↓↓↓

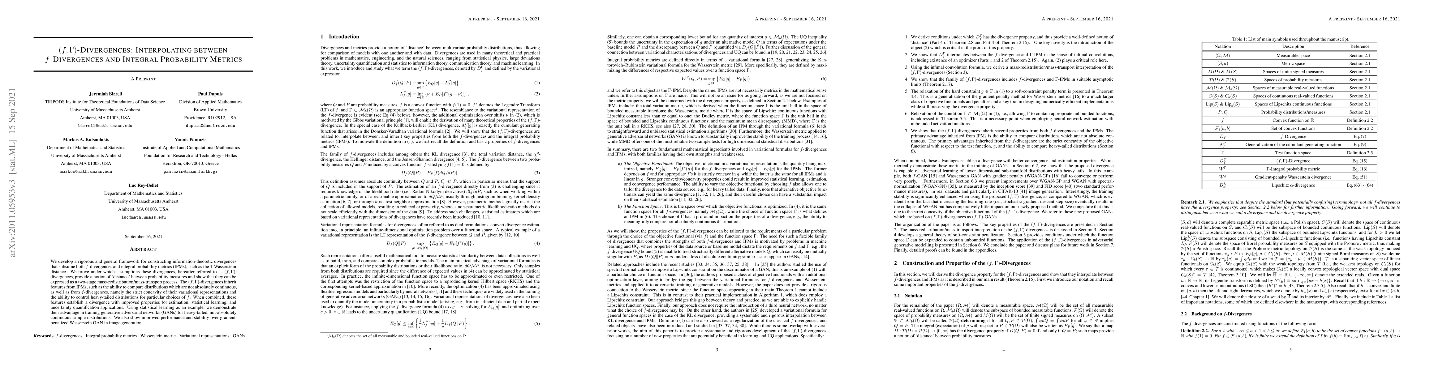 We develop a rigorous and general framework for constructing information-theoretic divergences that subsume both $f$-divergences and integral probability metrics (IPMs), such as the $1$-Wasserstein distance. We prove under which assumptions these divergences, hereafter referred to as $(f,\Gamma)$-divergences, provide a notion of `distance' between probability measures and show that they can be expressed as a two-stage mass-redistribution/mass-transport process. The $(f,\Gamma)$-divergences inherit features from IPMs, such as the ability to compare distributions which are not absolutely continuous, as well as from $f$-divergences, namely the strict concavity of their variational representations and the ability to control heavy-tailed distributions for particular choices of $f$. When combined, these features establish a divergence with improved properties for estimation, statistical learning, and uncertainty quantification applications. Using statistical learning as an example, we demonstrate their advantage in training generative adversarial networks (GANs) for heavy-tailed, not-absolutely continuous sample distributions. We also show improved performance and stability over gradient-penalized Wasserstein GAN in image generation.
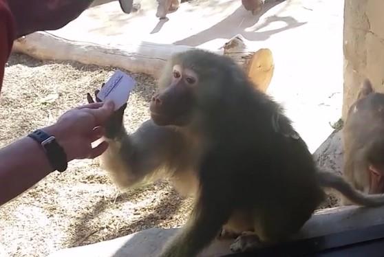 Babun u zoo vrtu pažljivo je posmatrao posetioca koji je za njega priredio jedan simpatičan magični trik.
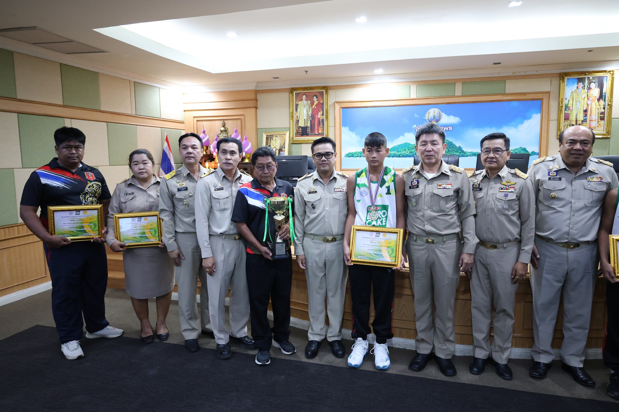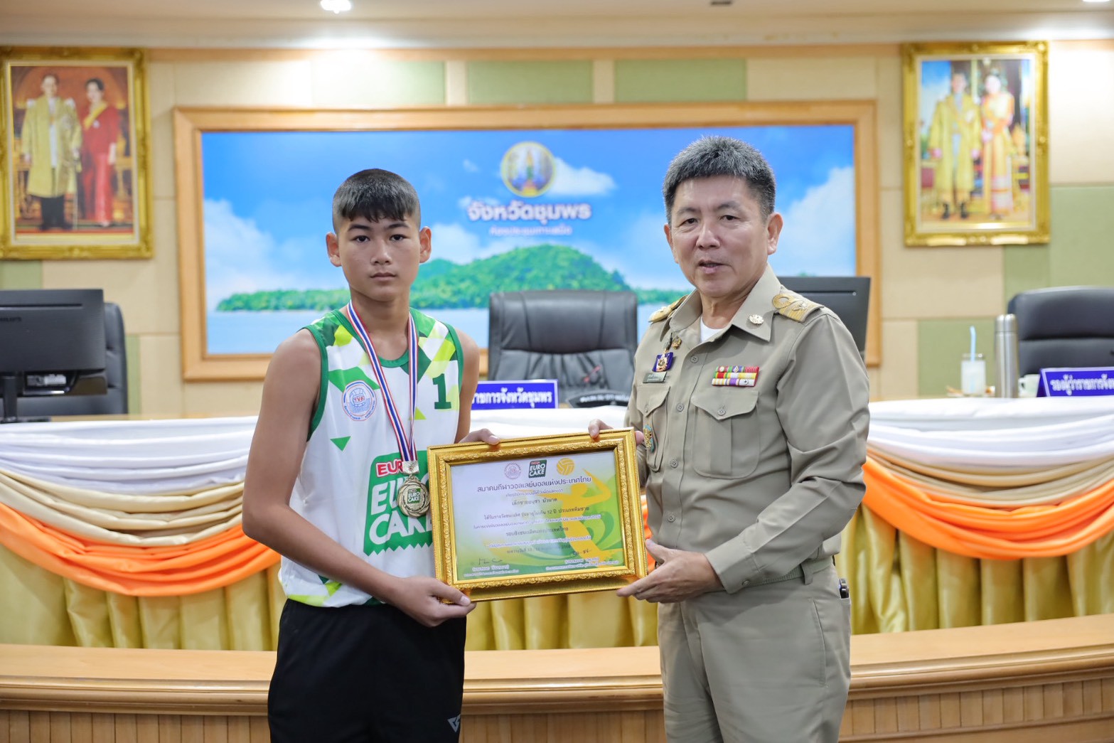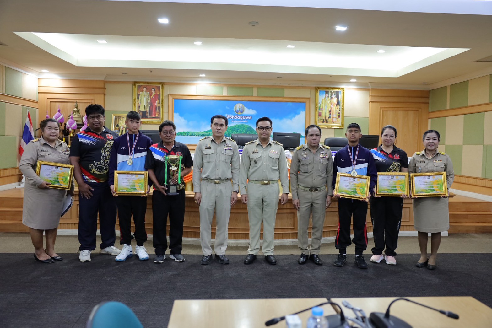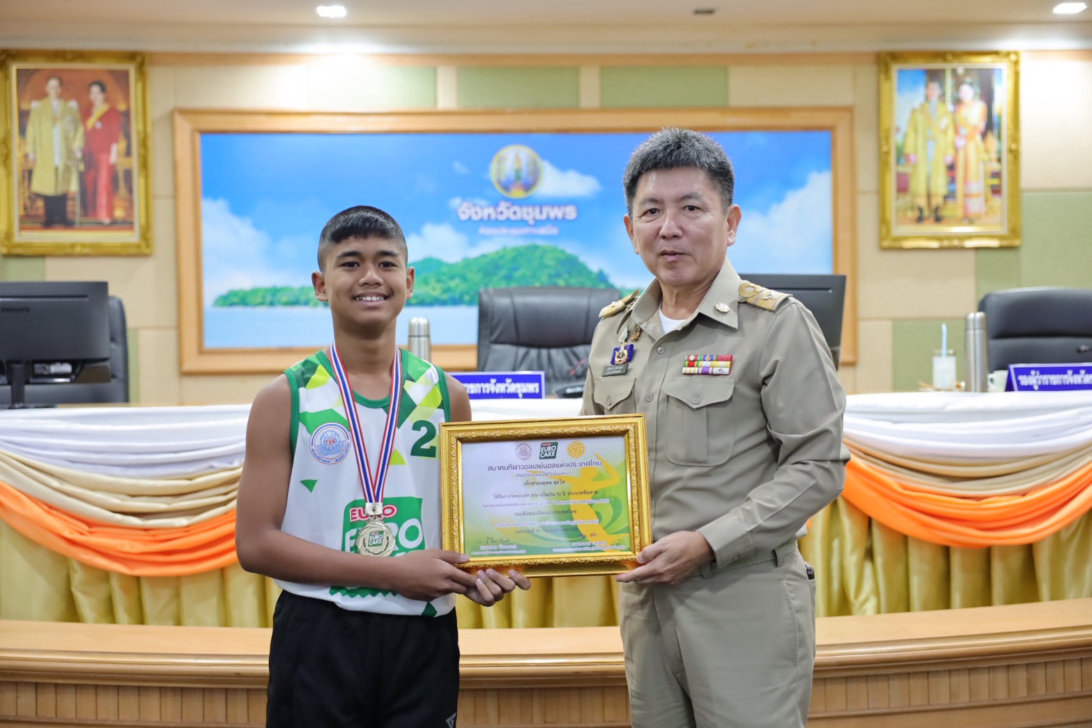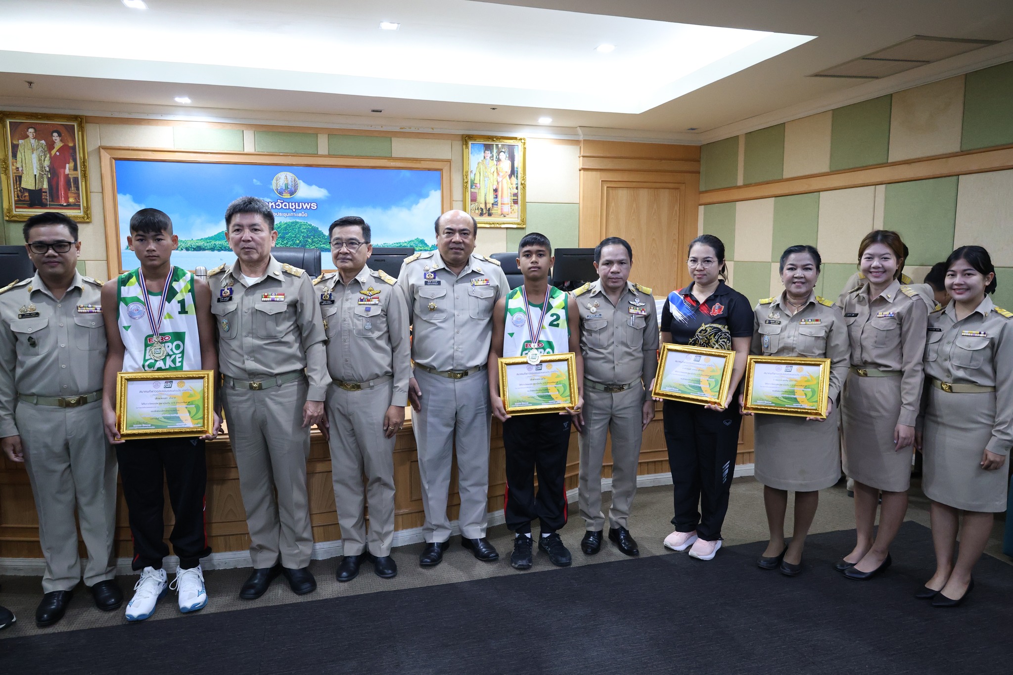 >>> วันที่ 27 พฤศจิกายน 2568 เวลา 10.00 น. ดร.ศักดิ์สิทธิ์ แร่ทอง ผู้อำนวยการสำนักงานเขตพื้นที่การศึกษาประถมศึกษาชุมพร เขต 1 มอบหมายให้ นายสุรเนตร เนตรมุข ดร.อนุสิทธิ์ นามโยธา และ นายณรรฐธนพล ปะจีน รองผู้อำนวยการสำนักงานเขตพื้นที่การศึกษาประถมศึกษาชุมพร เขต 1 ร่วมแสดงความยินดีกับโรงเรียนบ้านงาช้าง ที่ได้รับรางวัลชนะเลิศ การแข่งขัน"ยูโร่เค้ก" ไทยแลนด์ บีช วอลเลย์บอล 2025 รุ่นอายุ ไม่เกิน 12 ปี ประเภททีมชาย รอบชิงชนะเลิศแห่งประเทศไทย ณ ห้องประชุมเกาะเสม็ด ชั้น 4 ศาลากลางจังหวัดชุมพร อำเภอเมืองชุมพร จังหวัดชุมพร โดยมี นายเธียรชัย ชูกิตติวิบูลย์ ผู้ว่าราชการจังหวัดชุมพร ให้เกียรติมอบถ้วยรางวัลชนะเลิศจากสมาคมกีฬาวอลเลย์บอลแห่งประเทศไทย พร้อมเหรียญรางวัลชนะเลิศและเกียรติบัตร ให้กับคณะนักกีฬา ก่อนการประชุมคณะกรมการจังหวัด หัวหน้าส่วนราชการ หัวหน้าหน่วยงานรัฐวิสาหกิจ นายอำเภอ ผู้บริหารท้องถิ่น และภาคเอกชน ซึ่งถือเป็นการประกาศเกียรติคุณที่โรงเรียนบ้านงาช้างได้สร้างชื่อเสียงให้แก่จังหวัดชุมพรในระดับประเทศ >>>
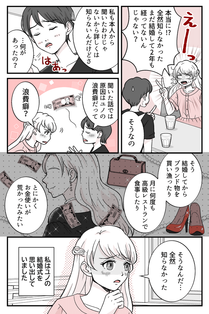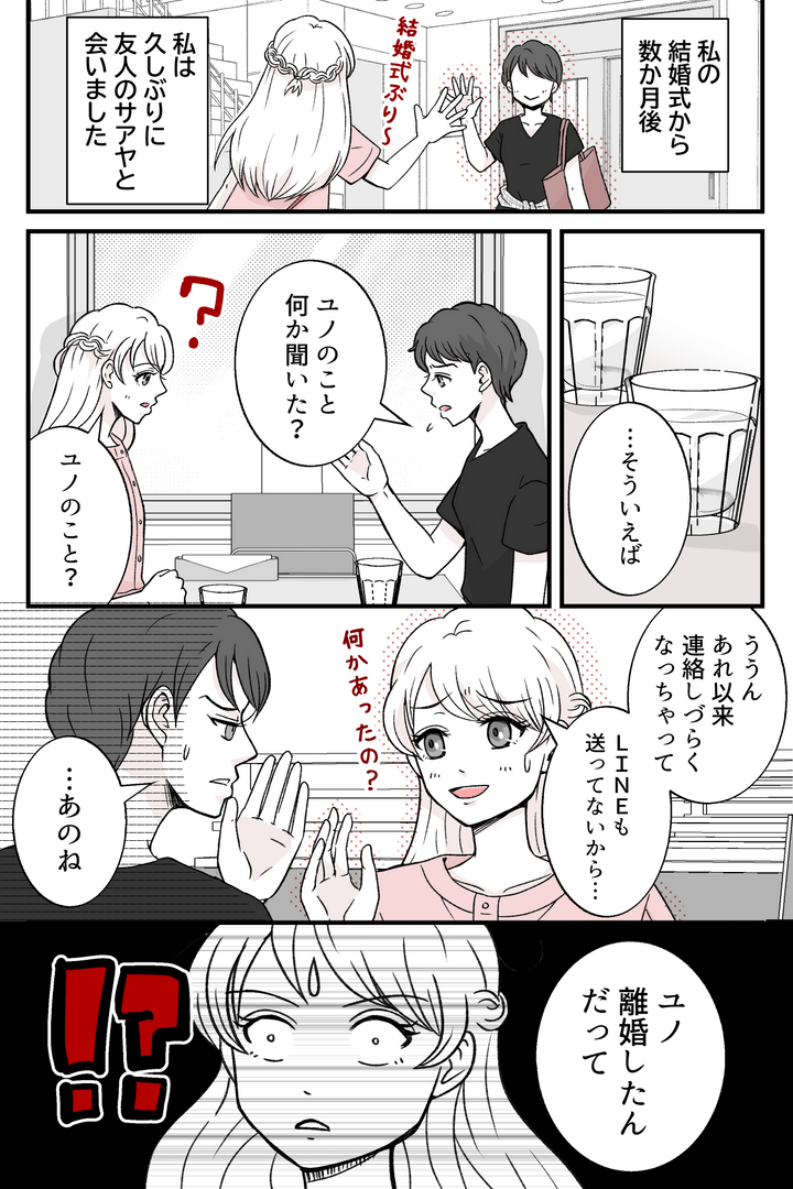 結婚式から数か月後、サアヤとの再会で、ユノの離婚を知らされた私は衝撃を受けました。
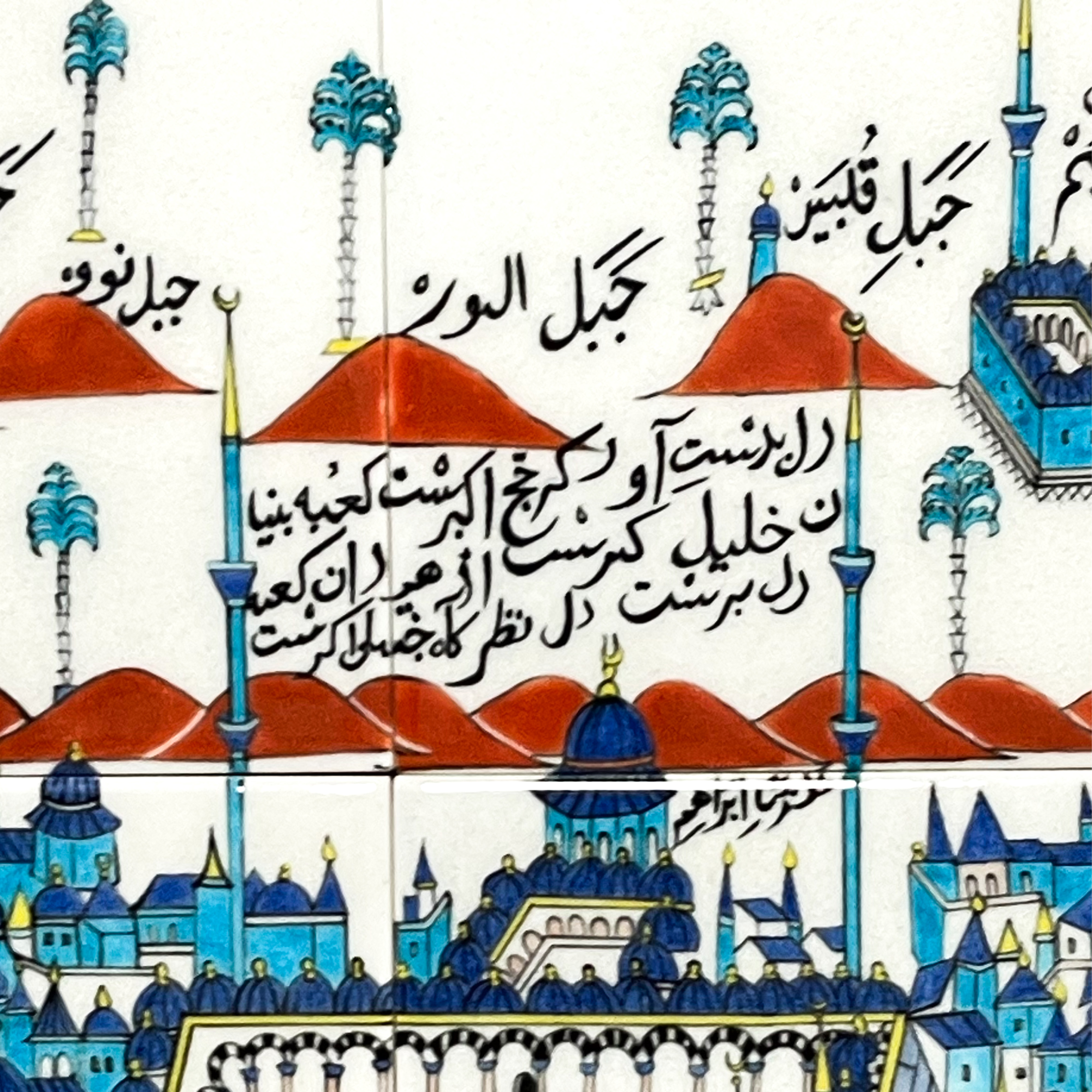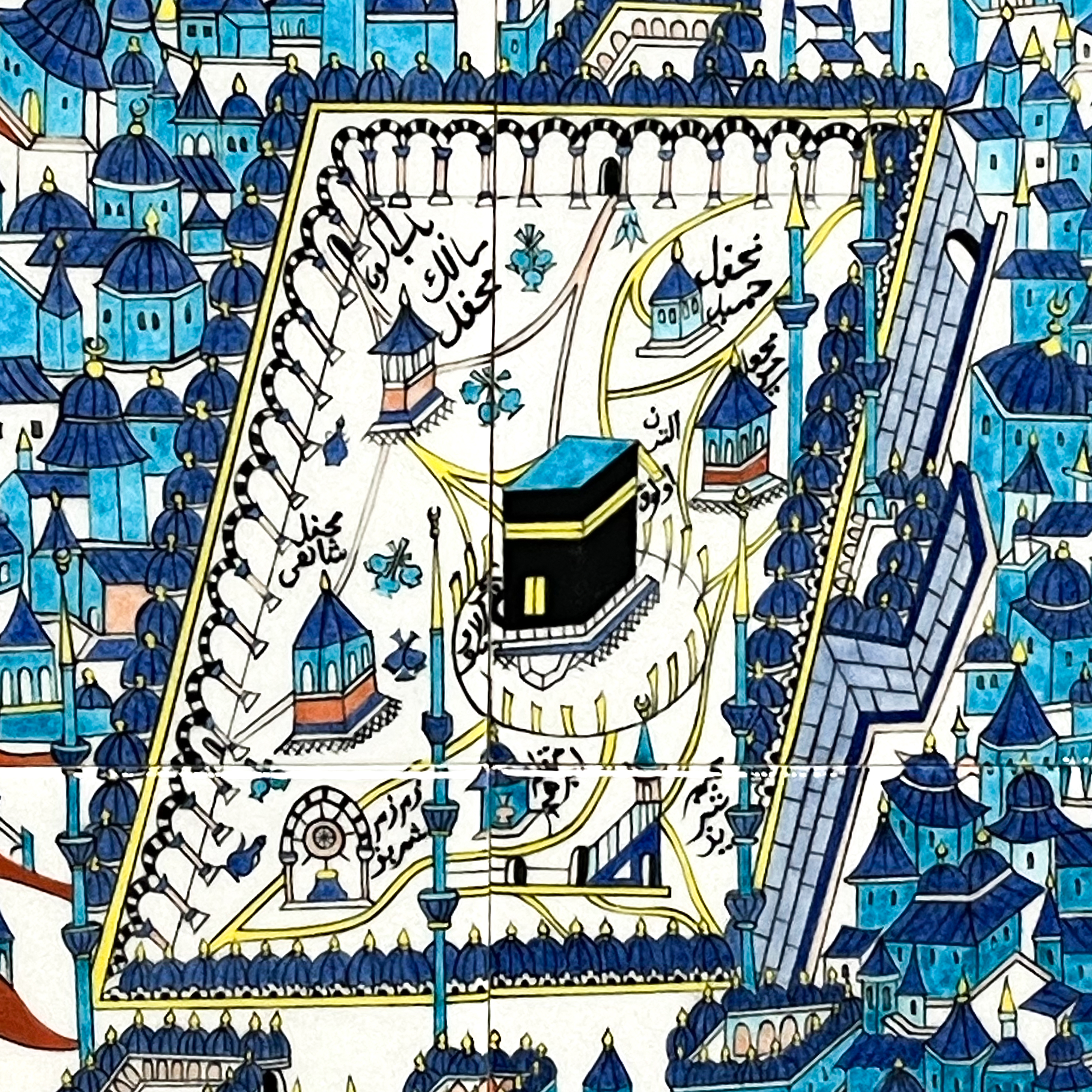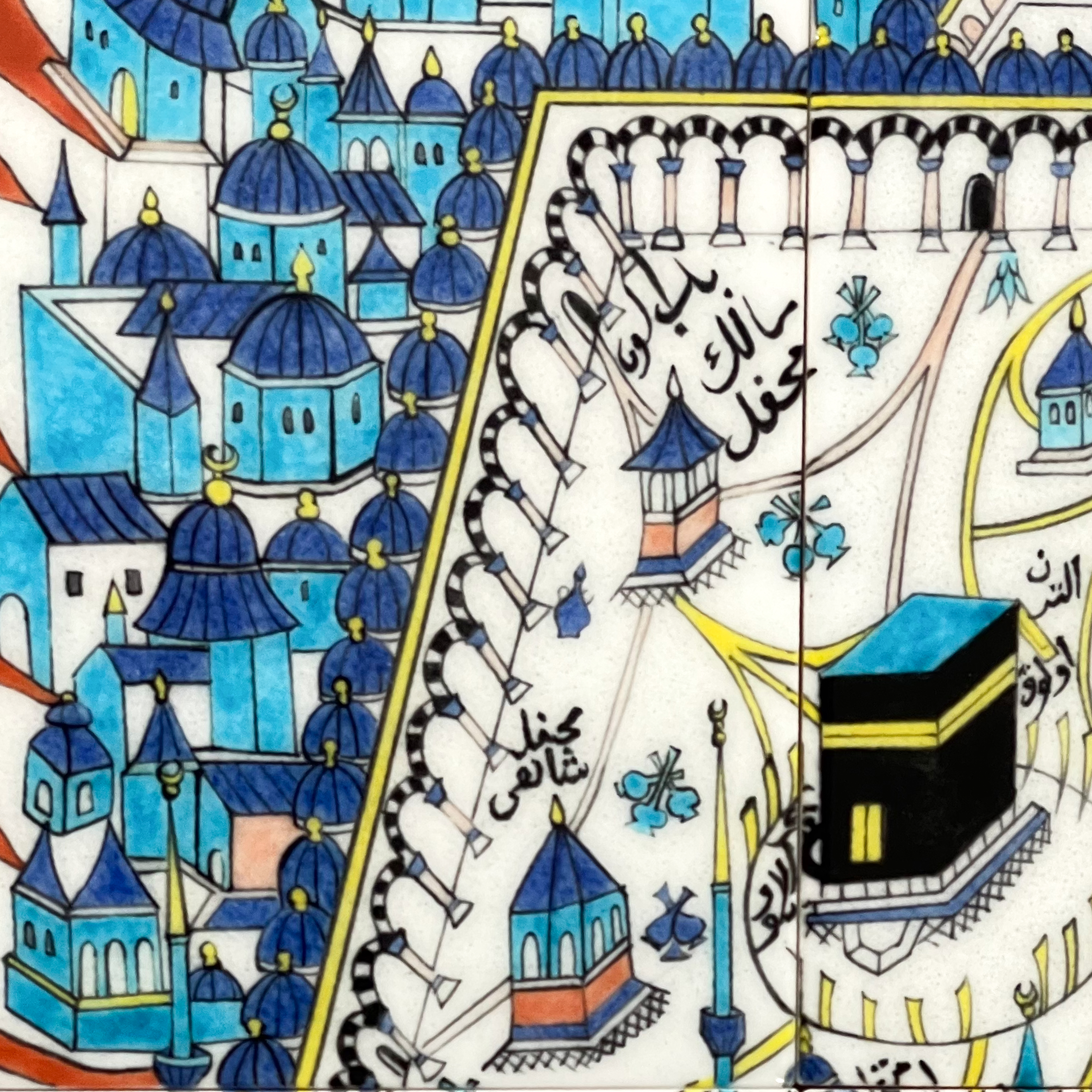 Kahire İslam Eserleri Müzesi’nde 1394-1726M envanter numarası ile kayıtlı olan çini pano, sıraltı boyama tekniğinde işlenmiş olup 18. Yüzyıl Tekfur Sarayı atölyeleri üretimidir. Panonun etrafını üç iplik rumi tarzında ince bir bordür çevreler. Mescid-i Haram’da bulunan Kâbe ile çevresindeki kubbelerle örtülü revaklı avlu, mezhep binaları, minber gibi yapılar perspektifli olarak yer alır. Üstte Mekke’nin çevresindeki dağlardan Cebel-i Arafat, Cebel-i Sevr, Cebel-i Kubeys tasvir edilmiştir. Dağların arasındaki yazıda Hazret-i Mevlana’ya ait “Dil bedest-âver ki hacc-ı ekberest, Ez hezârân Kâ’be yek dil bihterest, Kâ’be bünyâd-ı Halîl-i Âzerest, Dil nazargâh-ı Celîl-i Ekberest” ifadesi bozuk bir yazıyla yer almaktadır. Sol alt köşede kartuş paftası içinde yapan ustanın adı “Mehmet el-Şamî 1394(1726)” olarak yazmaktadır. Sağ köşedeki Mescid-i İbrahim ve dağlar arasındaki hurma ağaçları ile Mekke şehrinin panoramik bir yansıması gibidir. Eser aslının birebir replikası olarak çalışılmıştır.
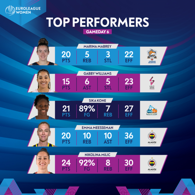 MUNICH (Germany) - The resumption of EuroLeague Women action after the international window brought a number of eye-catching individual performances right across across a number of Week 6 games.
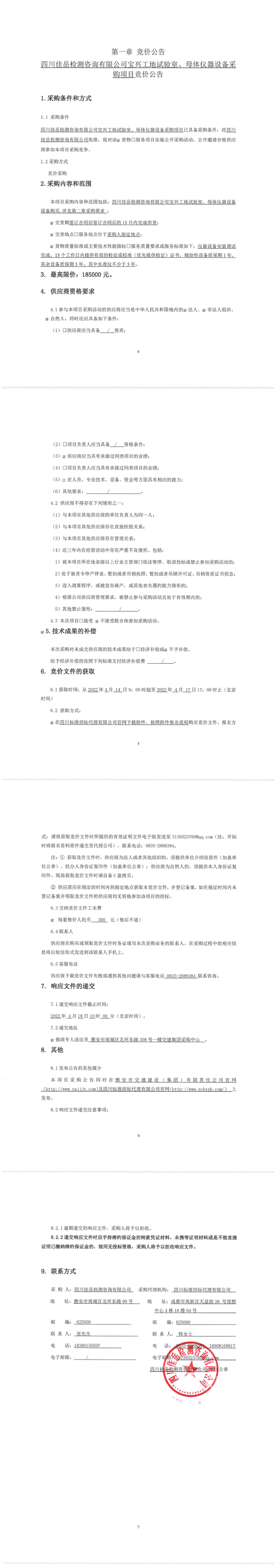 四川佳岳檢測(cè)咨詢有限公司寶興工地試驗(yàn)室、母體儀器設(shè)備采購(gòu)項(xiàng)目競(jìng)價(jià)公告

↑↑↑

__What you are asked to do__. Write back word for word every line in the entries above from the one with "วันที่ 27 พฤศจิกายน" to the one with "結婚式から数か月後、サアヤと", ends included, and none of the pictures.

__The completed task__.
 >>> วันที่ 27 พฤศจิกายน 2568 เวลา 10.00 น. ดร.ศักดิ์สิทธิ์ แร่ทอง ผู้อำนวยการสำนักงานเขตพื้นที่การศึกษาประถมศึกษาชุมพร เขต 1 มอบหมายให้ นายสุรเนตร เนตรมุข ดร.อนุสิทธิ์ นามโยธา และ นายณรรฐธนพล ปะจีน รองผู้อำนวยการสำนักงานเขตพื้นที่การศึกษาประถมศึกษาชุมพร เขต 1 ร่วมแสดงความยินดีกับโรงเรียนบ้านงาช้าง ที่ได้รับรางวัลชนะเลิศ การแข่งขัน"ยูโร่เค้ก" ไทยแลนด์ บีช วอลเลย์บอล 2025 รุ่นอายุ ไม่เกิน 12 ปี ประเภททีมชาย รอบชิงชนะเลิศแห่งประเทศไทย ณ ห้องประชุมเกาะเสม็ด ชั้น 4 ศาลากลางจังหวัดชุมพร อำเภอเมืองชุมพร จังหวัดชุมพร โดยมี นายเธียรชัย ชูกิตติวิบูลย์ ผู้ว่าราชการจังหวัดชุมพร ให้เกียรติมอบถ้วยรางวัลชนะเลิศจากสมาคมกีฬาวอลเลย์บอลแห่งประเทศไทย พร้อมเหรียญรางวัลชนะเลิศและเกียรติบัตร ให้กับคณะนักกีฬา ก่อนการประชุมคณะกรมการจังหวัด หัวหน้าส่วนราชการ หัวหน้าหน่วยงานรัฐวิสาหกิจ นายอำเภอ ผู้บริหารท้องถิ่น และภาคเอกชน ซึ่งถือเป็นการประกาศเกียรติคุณที่โรงเรียนบ้านงาช้างได้สร้างชื่อเสียงให้แก่จังหวัดชุมพรในระดับประเทศ >>>
 結婚式から数か月後、サアヤとの再会で、ユノの離婚を知らされた私は衝撃を受けました。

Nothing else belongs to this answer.